0

In pandas, I have two data frames. One containing the Holidays of a particular country from http://www.timeanddate.com/holidays/austria and another one containing a date column. I want to calculate the #days after a holiday.

def compute_date_diff(x, y):
    difference = y - x
    differenceAsNumber = (difference/ np.timedelta64(1, 'D'))
    return differenceAsNumber.astype(int)

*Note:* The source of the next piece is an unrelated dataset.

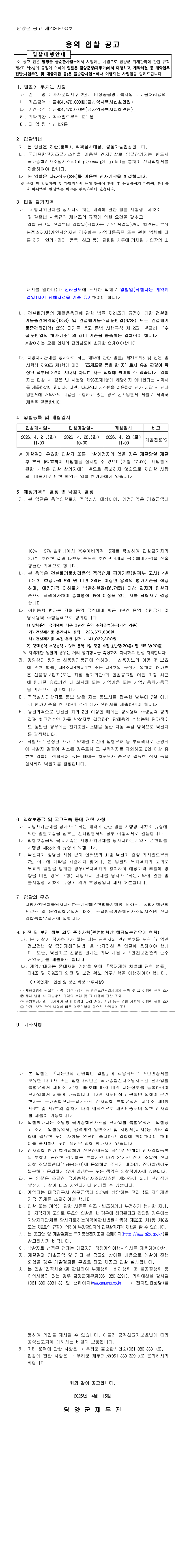 가사문학지구 2단계 비상공급망구축사업 폐기물처리용역(입찰대행) |

for index, row in holidays.iterrows():
    secondDF[row['name']+ '_daysAfter'] = secondDF.dateColumn.apply(compute_date_diff, args=(row.day,))

However, this

  • calculates the wrong difference e.g. > than a year in case holidays contains data for more than a year.
  • is pretty slow.

How could I fix the flaw and increase performance? Is there a parallel apply? Or what about http://pandas.pydata.org/pandas-docs/stable/timeseries.html#holidays-holiday-calendars As I am new to pandas I am unsure how to obtain the current date/index of the date object whilst iterating through in apply. As far as I know I cannot loop the other way round e.g. over all my rows in secondDF as it was impossible for me to generate feature columns whilst iterating via apply

Georg Heiler
  • 16,916
  • 36
  • 162
  • 292

2 Answers2

0

To do this, join both data frames using a common column and then try this code

import pandas
import numpy as np
df = pandas.DataFrame(columns=['to','fr','ans'])
df.to = [pandas.Timestamp('2014-01-24'), pandas.Timestamp('2014-01-27'), pandas.Timestamp('2014-01-23')]
df.fr = [pandas.Timestamp('2014-01-26'), pandas.Timestamp('2014-01-27'), pandas.Timestamp('2014-01-24')]
df['ans']=(df.fr-df.to) /np.timedelta64(1, 'D')
print df

output

          to         fr  ans
0 2014-01-24 2014-01-26  2.0
1 2014-01-27 2014-01-27  0.0
2 2014-01-23 2014-01-24  1.0
Shijo
  • 9,313
  • 3
  • 19
  • 31
0

I settled for something entirely different: Now, only the number of days since before the most current holiday will be calculated.

my function:

def get_nearest_holiday(holidays, pivot):
   return min(holidays, key=lanbda x: abs(x- pivot)
   # this needs to be converted to an int, but at least the nearest holiday is found efficiently

is called as a lambda expression on a per-row basis

Georg Heiler
  • 16,916
  • 36
  • 162
  • 292